*** Begin section ***

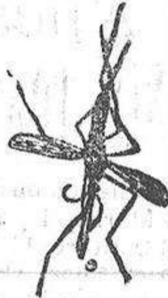
ANOFELE Mosquito que propaga la fiebre palúdica

Rogamos á los señores Doctores, que lo ensayen en los casos que resultaron incurables con cualquier otro tratamiento, con la seguridad de que después no lo abandonarán nunca.
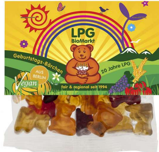
Logointegration in bestehendes Motiv
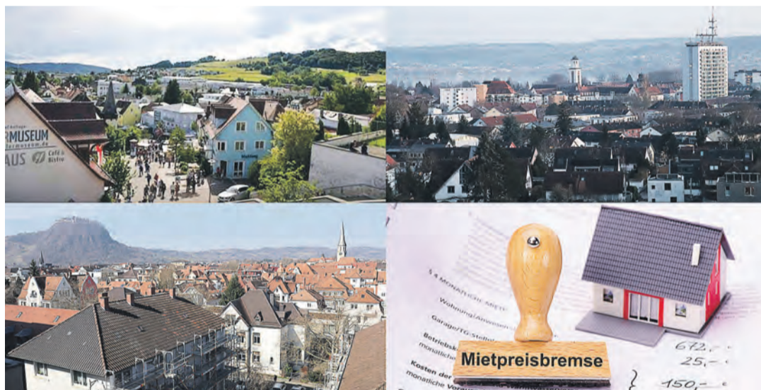
Der Wohnungsbau wird schwieriger in Stockach, Singen und Konstanz.
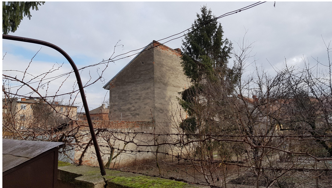
CLADIRE DE PE STR 1 DECEMBRIE CU CALCAN DE 12M SPRE PARCELA VECINA CU PARCELA STUDIATA
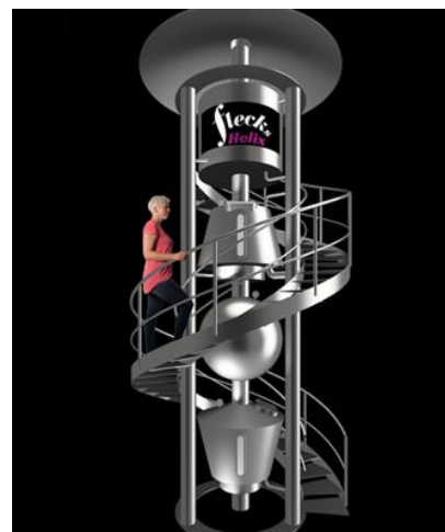
FLECKS HELIX Brau-Turm 5 HL

Bauen Sie sich Ihre komplette Brauerei mit Hilfe unserer Module selbst zusammen:
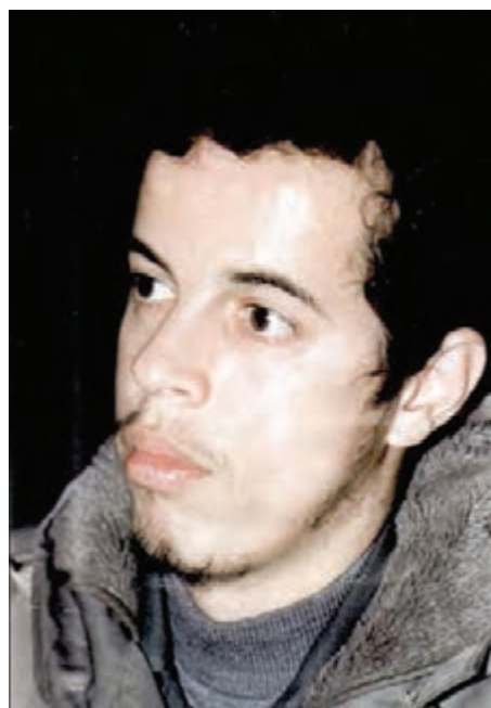
شکل ۱۲-۴- شهید حسن باقری

از روحانیان ممتاز می‌توان از مرحوم آیت‌الله طالقانی یاد کرد. او شکنجه‌های بسیاری در زندان طاغوت کشید و از یاران امام خمینی (ره) و اولین امام جمعه تهران پس از انقلاب بود. آیت‌الله طالقانی شاگردان بسیاری برای مبارزه با رژیم ستم‌شاهی تربیت کرد که شهید چمران یکی از کسانی بود که در مجالس درس ایشان شرکت می‌کرد.
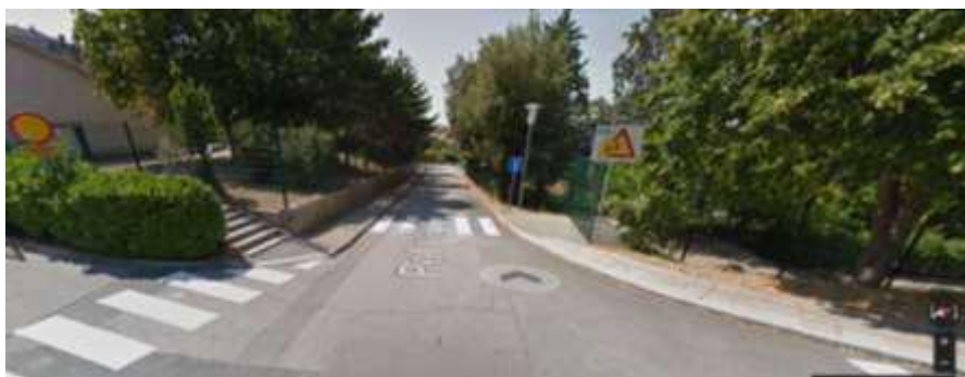
Pot v gaj
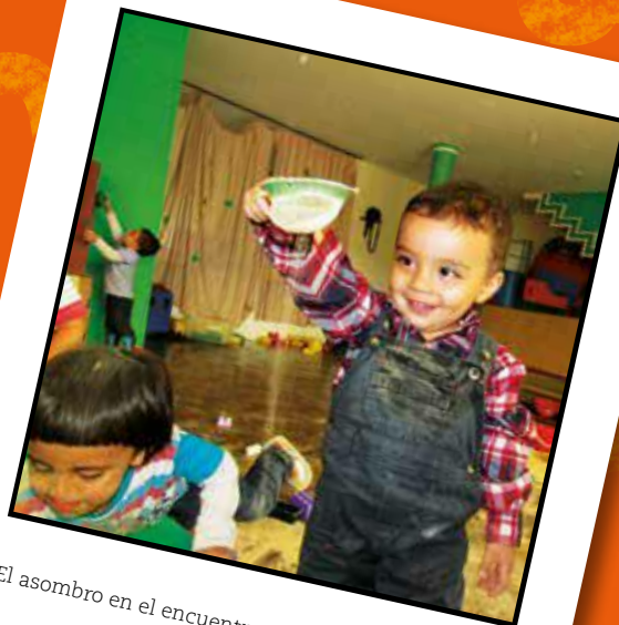
El asombro en el encuentro con lo diverso (2016)
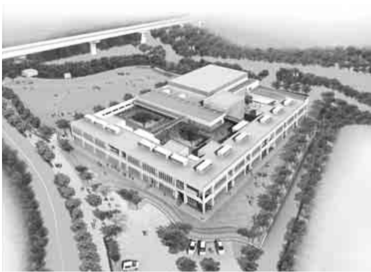
本市初の教育・福祉の複合施設となります(完成予想図)

現在、開会中の市議会第2回定例会で(仮称)小山小学校校舎建設等PFI事業の契約については、審議されています。このPFI事業については、昨年12月1日号の広報なげやまでQ&A方式で特集を組んでお知らせしましたが、今号では、本事業の事業者選定の経緯、事業費内訳、事業者から提案された施設内容等についてお知らせします。PFI事業とは、公共施設などの建設、維持管理、運営などについて民間の資金や経営能力、技

*** End section ***

In the answer, retype exactly and only the lines from the one holding "Logointegration in bestehendes Motiv" through the end of the listing, keeping both ends and dropping every picture.

Logointegration in bestehendes Motiv
Der Wohnungsbau wird schwieriger in Stockach, Singen und Konstanz.
CLADIRE DE PE STR 1 DECEMBRIE CU CALCAN DE 12M SPRE PARCELA VECINA CU PARCELA STUDIATA
FLECKS HELIX Brau-Turm 5 HL

Bauen Sie sich Ihre komplette Brauerei mit Hilfe unserer Module selbst zusammen:
شکل ۱۲-۴- شهید حسن باقری

از روحانیان ممتاز می‌توان از مرحوم آیت‌الله طالقانی یاد کرد. او شکنجه‌های بسیاری در زندان طاغوت کشید و از یاران امام خمینی (ره) و اولین امام جمعه تهران پس از انقلاب بود. آیت‌الله طالقانی شاگردان بسیاری برای مبارزه با رژیم ستم‌شاهی تربیت کرد که شهید چمران یکی از کسانی بود که در مجالس درس ایشان شرکت می‌کرد.
Pot v gaj
El asombro en el encuentro con lo diverso (2016)
本市初の教育・福祉の複合施設となります(完成予想図)

現在、開会中の市議会第2回定例会で(仮称)小山小学校校舎建設等PFI事業の契約については、審議されています。このPFI事業については、昨年12月1日号の広報なげやまでQ&A方式で特集を組んでお知らせしましたが、今号では、本事業の事業者選定の経緯、事業費内訳、事業者から提案された施設内容等についてお知らせします。PFI事業とは、公共施設などの建設、維持管理、運営などについて民間の資金や経営能力、技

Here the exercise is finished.